Task to complete |
Look below for the line containing "Le papier n'est"; from there, print each line exactly up to and including the line containing "Angela Brandi e", and stop.

Provided information |

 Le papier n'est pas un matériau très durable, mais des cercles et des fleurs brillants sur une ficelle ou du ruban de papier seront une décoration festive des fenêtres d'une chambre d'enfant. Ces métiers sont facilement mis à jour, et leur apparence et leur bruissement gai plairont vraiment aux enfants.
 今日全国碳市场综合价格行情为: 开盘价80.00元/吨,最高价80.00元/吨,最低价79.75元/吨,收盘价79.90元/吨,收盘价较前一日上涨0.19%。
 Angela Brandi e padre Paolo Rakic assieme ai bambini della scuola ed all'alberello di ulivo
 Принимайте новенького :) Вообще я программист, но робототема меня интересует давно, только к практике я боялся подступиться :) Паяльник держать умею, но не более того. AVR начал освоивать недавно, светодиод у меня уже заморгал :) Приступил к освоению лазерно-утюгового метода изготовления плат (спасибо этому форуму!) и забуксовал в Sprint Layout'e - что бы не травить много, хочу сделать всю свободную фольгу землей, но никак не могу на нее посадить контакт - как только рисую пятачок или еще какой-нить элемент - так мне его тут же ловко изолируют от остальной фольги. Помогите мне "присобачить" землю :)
...
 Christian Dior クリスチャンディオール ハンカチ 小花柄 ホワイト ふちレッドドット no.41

Solved exercise |
 Le papier n'est pas un matériau très durable, mais des cercles et des fleurs brillants sur une ficelle ou du ruban de papier seront une décoration festive des fenêtres d'une chambre d'enfant. Ces métiers sont facilement mis à jour, et leur apparence et leur bruissement gai plairont vraiment aux enfants.
 今日全国碳市场综合价格行情为: 开盘价80.00元/吨,最高价80.00元/吨,最低价79.75元/吨,收盘价79.90元/吨,收盘价较前一日上涨0.19%。
 Angela Brandi e padre Paolo Rakic assieme ai bambini della scuola ed all'alberello di ulivo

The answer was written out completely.